On Thursday, Uber partnered with the nonprofit Southern Paws to make puppies on demand a possibility in Hudson County and the city of Newark.
“Demand is off the charts as always,” said Ewer. “I think there’s no shortage of people who really, really want to see a slew of kittens or puppies come to their office.”
Visits were $30 for 15 minutes, and all funds went to the rescue organization. Drivers were compensated by Uber.
“It’s a delight for us to be able to change our app for just one day and give people the opportunity to request something really special,” said Ewer.
Special it was. Here at NJTV News, two pups stopped by with representatives from Southern Paws and Uber. Adults in a conference room were quickly transformed into wide-eyed kids.
The purpose is to put a smile on people’s faces, but also to get puppies like Abby adopted.
Southern Paws works with rescue groups in the southern United States dealing with under-resourced shelters. They bring dogs up and place them directly in forever homes or, if need be, into foster homes.
Does this allow people to look at dogs they would potentially adopt themselves?

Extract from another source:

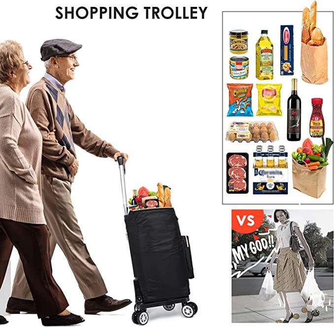 Portable Folding Design - Thanks to its folding design, this shopping cart can fold in half when not in use. It's small enough to fit in the trunk of a car while shopping.The shopping bag has a handle so that the shopping bag can be used separately.

“It does. And it actually gives them the ability to see different types, different breeds,” said Southern Paws President Tami-Jo Faller. “With this, they get to see maybe what a Black Mouth Cur is, which isn’t something we’d typically have up here. Or a Feist — another type of breed we don’t typically have up here. So, they get to meet these breeds and see if these breeds are even compatible for them.”
Ewer said giving back is important to Uber. “You know, the Uber model is push a button, get a ride and so we like to think, ‘What else can you do?'” he explained. “In New Jersey, we actually went ahead and worked with the Community FoodBank of New Jersey to offer on-demand food donations. So that meant that, for a certain period of time, people could open up the app, and they could request to have a donation pick up. So the Uber driver comes right to you, and you can just hand off the food that they’ll take right to the community food bank.”
The company has also partnered with Goodwill to pick up donations. But this week, the goal was injecting some puppy love into homes, offices and newsrooms.